Due date: 09/27/2011 is typed neatly in white block letters at the top of a grainy ultrasound picture of what looks to me like a lima bean with a heartbeat, now tucked away in a blue Rubbermaid container in the basement of our condo building. The baby box, we call it. It also holds the pregnancy test confirming our second pregnancy, which I added to the box on October 1, 2011 as I was miscarrying that second one. And the journal I started for the third baby in March, trying to be defiantly hopeful, that's in there, too. Should is a tricky word, but I can't help thinking that I "should" be counting baby kicks as I near the third baby's early December due date.
Of course I'm not and these days sneak up on me, dates that won't let me forget just yet, dates that always surprise me with how urgently they demand that I acknowledge them. That I observe and remember those tiny hearts that beat, even for a few days.
But how do you honor something that barely was?
As usual, I don't know, really, but it feels important to acknowledge what those little heartbeats gave me: a chance to be brave for someone else, to learn that I am seen, to feel loved in the deepest, darkest places I didn't even know I had.
I will honor these days and the hearts that beat, barely and remarkably, and my own heart by not swallowing any tears that need to be cried today.
By speaking kind, life-affirming words today - to other people and to myself. I may not have children to hold but I can bring life into the world, I can nurture the life around and within me. I have not birthed life, but I can breathe it, I can speak it. No one calls me mother, but I can mother today, I can protect, I can love without reservation or condition.
By breaking bread, by feasting, with friends who held our tears and our anger and our confusion. I can offer my thanks for them and I can celebrate that should our hearts break again, we will not be alone.
By taking a walk in the fresh air, rejoicing that I'm here, that I survived, that I got up off the floor, that it didn't kill me. I can inhale and exhale deeply and exult that it doesn't hurt to breathe anymore.
By kissing my man, full on the mouth, sloppy and loud and in wonder that we're making it, that I feel more and better loved, that I know him deeper, that I am more deeply known.
Each sad anniversary represents a no from God, a reminder that despite my pleading, I did not get what I asked for.
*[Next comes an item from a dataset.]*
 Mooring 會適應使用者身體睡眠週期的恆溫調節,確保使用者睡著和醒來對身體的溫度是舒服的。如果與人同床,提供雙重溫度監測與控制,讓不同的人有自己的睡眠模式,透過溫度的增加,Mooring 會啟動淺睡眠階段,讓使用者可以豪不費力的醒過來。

But, and this is one big, glorious but, I can hear more clearly His resounding Yes over my life.
I can remember today how I am changed, how three times over a mother and then not has carved itself on my soul and I can marvel at what effective companions Sorrow and Suffering can be.
I think I'm a little bit harder and a lot quicker to cry. More cynical maybe, but more fiercely convinced of the necessity of hope. Marked by sadness but what I'm starting to think is also joy. Less patient with superficiality, but more patient with the excruciatingly slow work of God. More broken, for sure, but desperately hoping I am in greater communion with the One broken for me.
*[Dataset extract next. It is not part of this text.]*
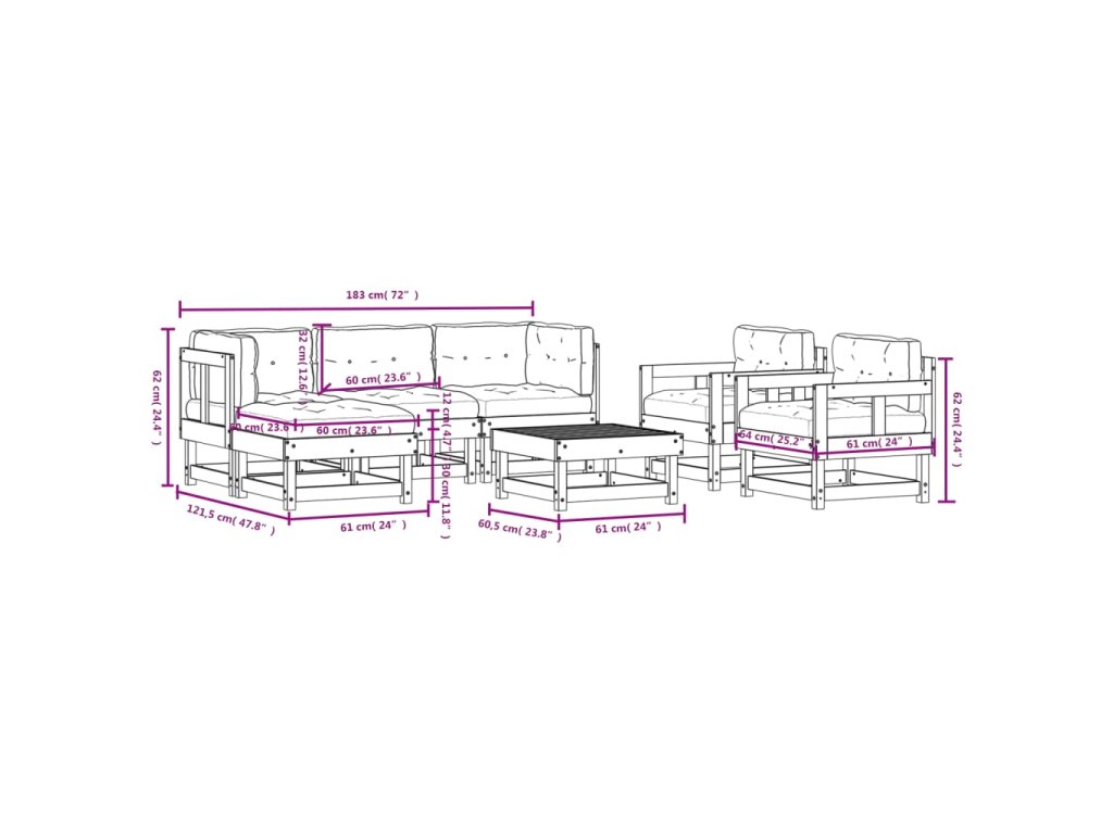 - Rozměry středové pohovky: 61 x 60,5 x 62 cm (D x Š x V)

I can commit to this: I will walk this out. I will walk. this. out. I will go all the way through. I will learn everything I can learn. I will not choose avoidance or distraction or indifference. I will hope even when I'm scared. I will not be ashamed of the shattering of my heart any more than I would be of the shattering of a bone. I will believe that miscarriage is not the last word for my life. I will hope because I know that the end is good, and this is not the end.
I started writing this, choking back sobs that came from a heart
broken and now I'm crying because it's so good and maybe your heart has
to break open for the light to get in?
I never got to hold them, but, man, am I grateful that those hearts and tiny, unfinished bodies existed, even for the short time they did.
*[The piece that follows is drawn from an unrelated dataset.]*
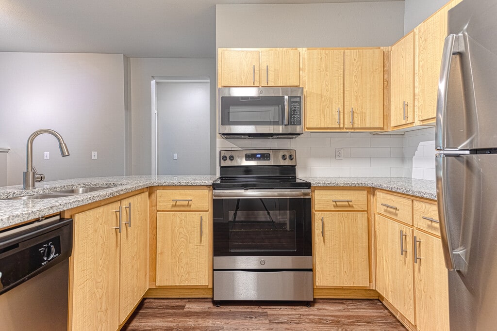 Experience Nexus Apartments at Orenco Station, a premier apartment community located in Hillsboro, in the heart of Orenco Station District, with ample on-site retail and only a few steps away from the Orenco MAX light rail station. Choose from air-conditioned and modern one-, two- and three-bedroom apartments with spacious layouts featuring upgraded premium finishes including hardwood-style flooring, granite countertops with subway tile backsplash, stainless steel appliances and modern lighting and plumbing fixtures throughout. Enjoy resort-style amenities such as our private resident park and sparkling swimming pool. We are a pet-friendly community and offer garage parking and carports. Our premier location is just a 25 minute drive to downtown Portland, a 15 minute walk to Intel® and an even shorter walk to the area's shopping and dining

I am grateful and I can't even believe it. It's a gift. It's all a gift.
In remembrance of babies I barely knew, I can say thank you today.
This is what it means to be held, how it feels when the sacred is torn from your life and you survive.
This is what grace looks like: amazed gratitude and relief at your plain old gorgeous life. A willingness not to be good at things right away, to be clueless but committed; to make more messes and mistakes in the interest of living with spaciousness and a sense of presence; to find out who we truly are, who we were born to be, and to learn to love that screwed up, disappointing, heartbreakingly dear self of ours. - Anne Lamott
Wednesday, September 26, 2012
Thursday, September 13, 2012
On Autumn and Hope
Becca and I diagnosed ourselves with Reverse Seasonal Affective Disorder (RSAD) one particularly harsh summer during grad school. (For those just tuning in, Becca is my Ethel Mertz; the Louise to my Thelma; my exception (see He's Just Not That Into You)). Seasonal Affective Disorder, commonly, is when you get sad and depressed during the winter from the cold and lack of sunlight. Becca and I get sad and depressed during the summer. It's just too damn hot and humid in this swamp that passes for the nation's capital. You can't breathe and there's no hope for girls with thick, curly hair and all that sun is devastating to my alabaster skin.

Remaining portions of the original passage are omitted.